> _Task prompt_
The answer should be every line below, repeated exactly, with the images left out.

··· Data extracts

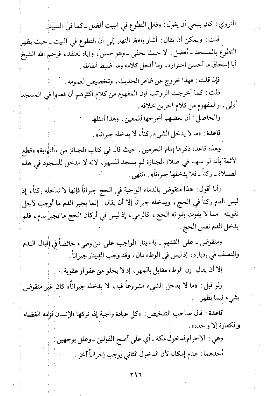 وأنا أقول: هذا منقوض بالدماء الواجبة في الحج جبرانا؛ فإنها لا تدخله ركنا؛ إذ ليس الدم ركنا في الحج، ويدخله جبرانا إلا أن يقال: إنما يجبر الدم ما أوجب لأجل تقويته. مما لا يفوت بفواته الحج، كالرمي؛ إذ ليس في أركان الحج ما يجبر بدم، فلم يدخل الدم نفس الحج.
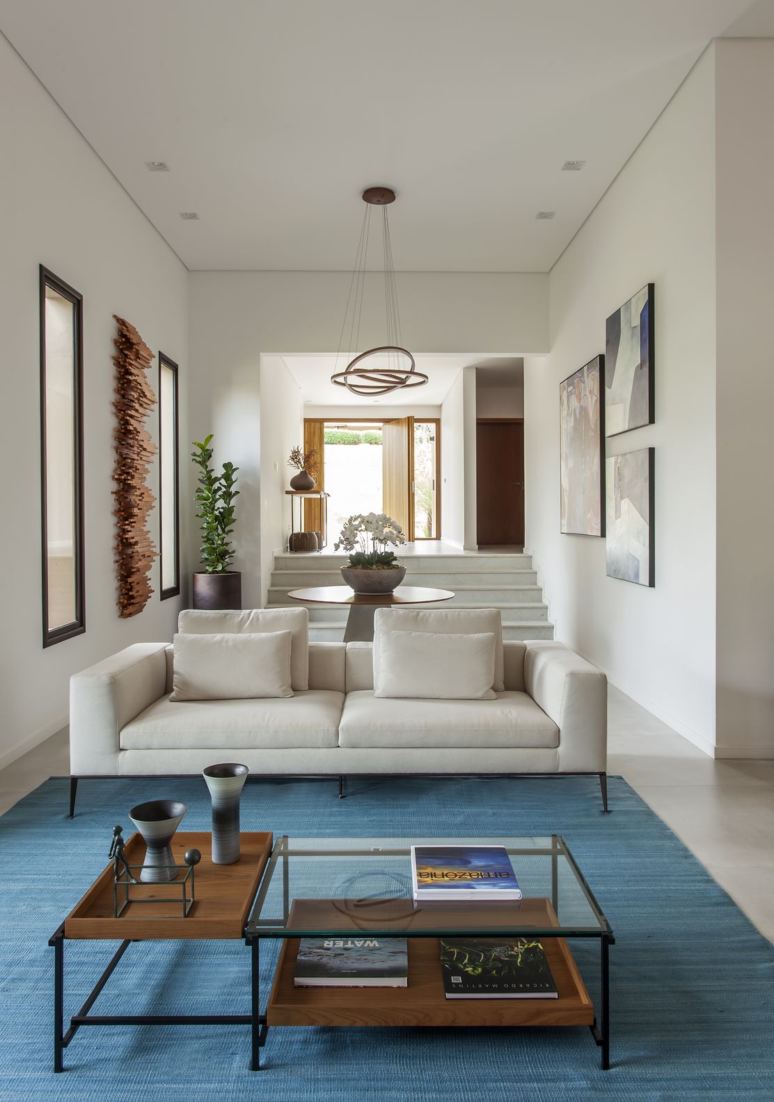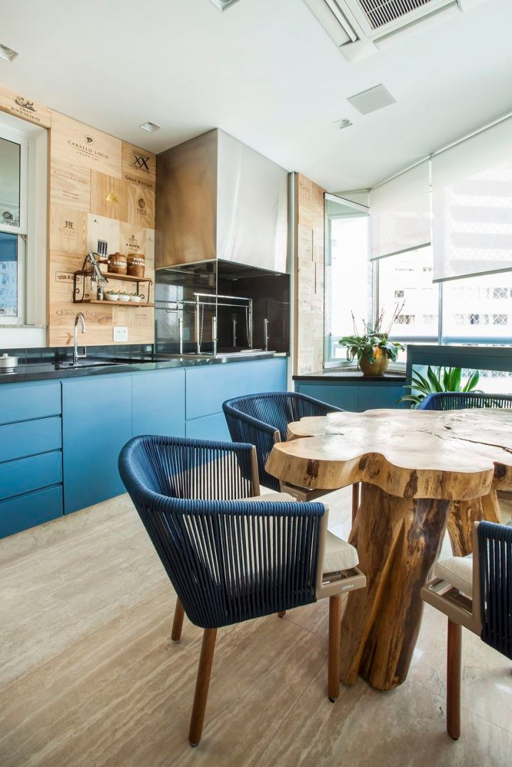 Tanto o tom como a quantidade de azul, e onde ele será colocado, devem passar por uma análise cuidadosa. Tudo vai depender do desejo e personalidade do morador: caso a vontade seja de esbanjar calmaria, as opções são pintar uma parede ou investir em marcenaria totalmente nesta cor. Por outro lado, se é uma pessoa que muda de ideia muito rápido e está sempre renovando pequenos detalhes da casa, o melhor caminho são os acessórios.
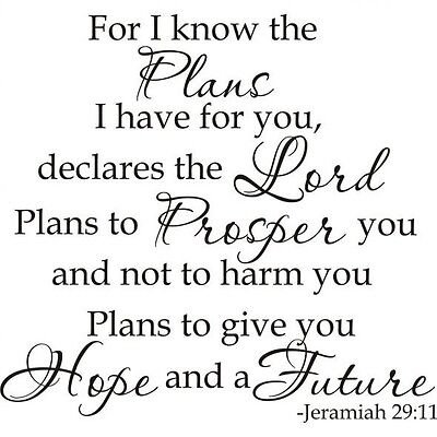 “For I know the plans I have for you,” declares the Lord, “plans to prosper you and not to harm you, plans to give you hope and a future.”
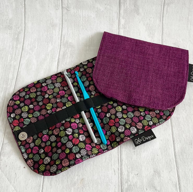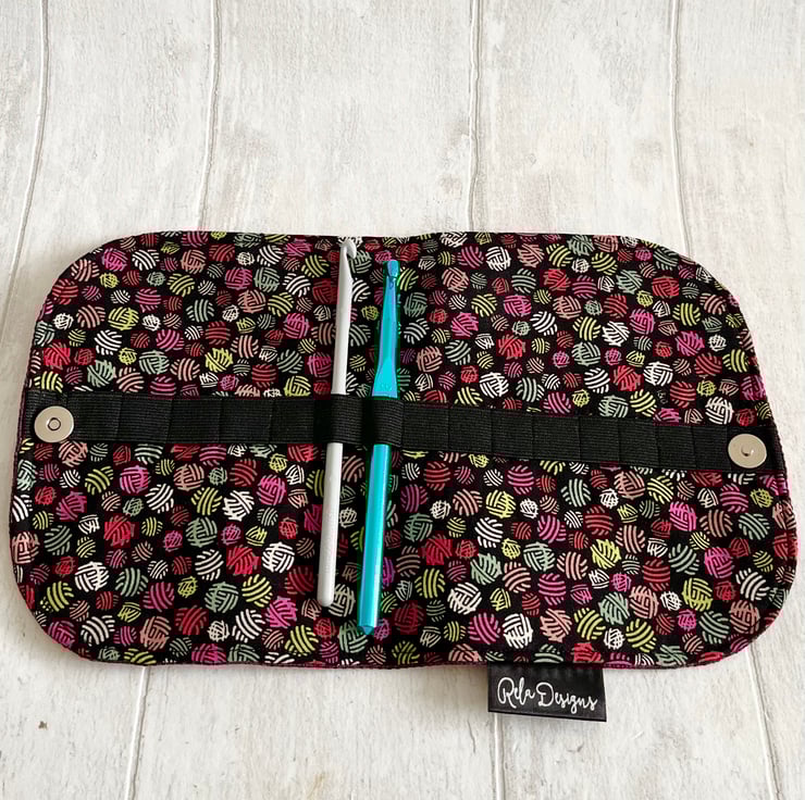 A piece of elastic runs the length of the case and is machined into sections to hold your hooks. For storage the case folds in half and fastens with a magnetic fastening.
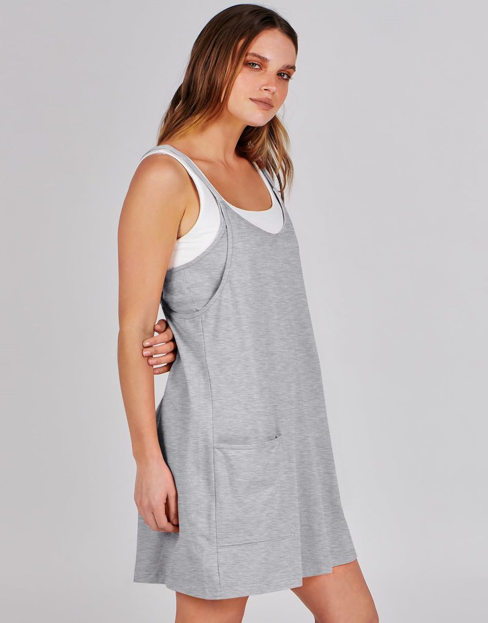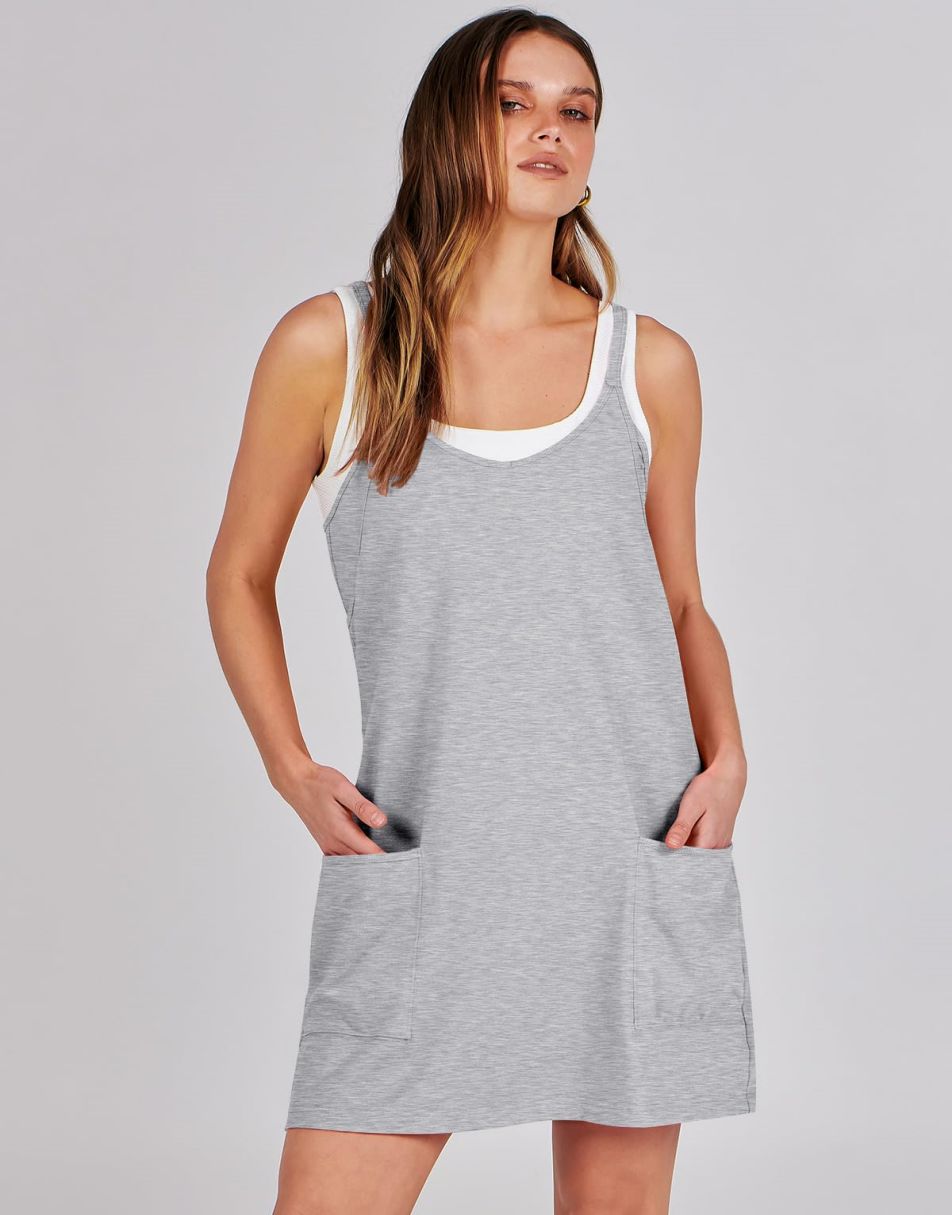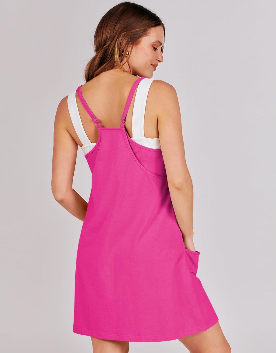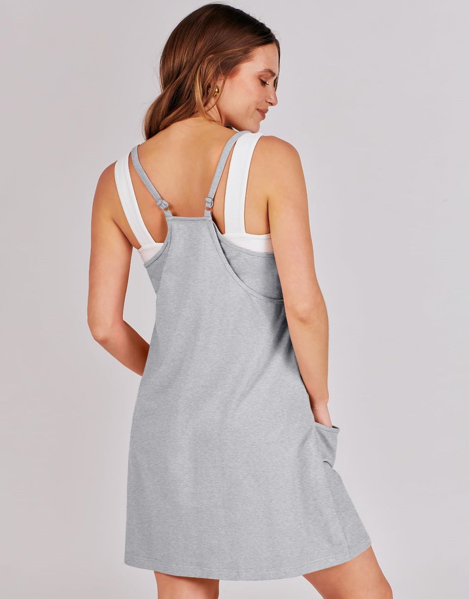 - Features - This workout mini dress build in shapewear featured spaghetti straps, V neck, patch pockets, solid color, making it perfect for staying cool and stylish during hot summer days.
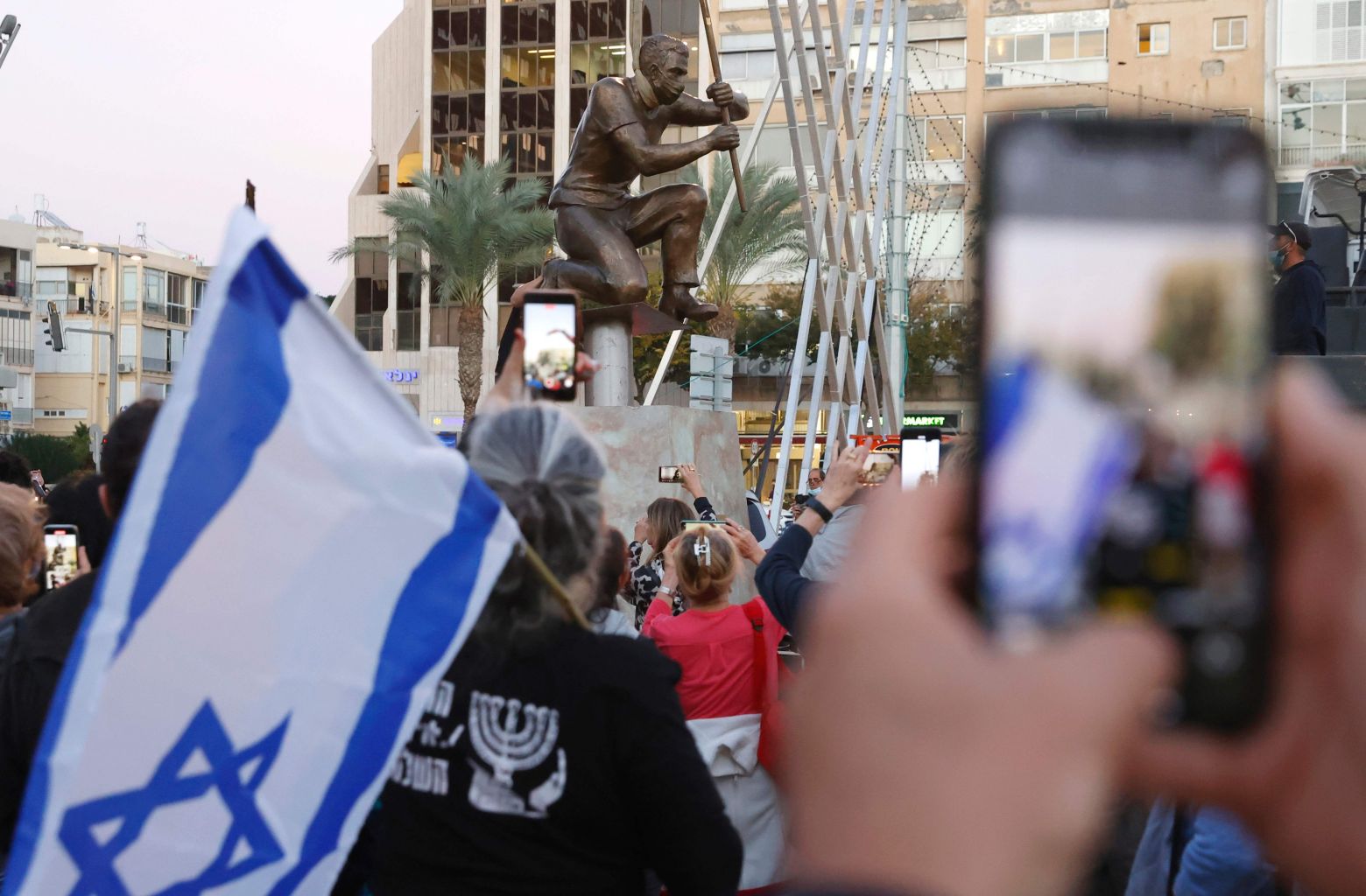 A statue of an Israeli anti-government protester is erected in Tel Aviv on Dec 10, 2020,

······

> _Written solution_
 وأنا أقول: هذا منقوض بالدماء الواجبة في الحج جبرانا؛ فإنها لا تدخله ركنا؛ إذ ليس الدم ركنا في الحج، ويدخله جبرانا إلا أن يقال: إنما يجبر الدم ما أوجب لأجل تقويته. مما لا يفوت بفواته الحج، كالرمي؛ إذ ليس في أركان الحج ما يجبر بدم، فلم يدخل الدم نفس الحج.
 Tanto o tom como a quantidade de azul, e onde ele será colocado, devem passar por uma análise cuidadosa. Tudo vai depender do desejo e personalidade do morador: caso a vontade seja de esbanjar calmaria, as opções são pintar uma parede ou investir em marcenaria totalmente nesta cor. Por outro lado, se é uma pessoa que muda de ideia muito rápido e está sempre renovando pequenos detalhes da casa, o melhor caminho são os acessórios.
 “For I know the plans I have for you,” declares the Lord, “plans to prosper you and not to harm you, plans to give you hope and a future.”
 A piece of elastic runs the length of the case and is machined into sections to hold your hooks. For storage the case folds in half and fastens with a magnetic fastening.
 - Features - This workout mini dress build in shapewear featured spaghetti straps, V neck, patch pockets, solid color, making it perfect for staying cool and stylish during hot summer days.
 A statue of an Israeli anti-government protester is erected in Tel Aviv on Dec 10, 2020,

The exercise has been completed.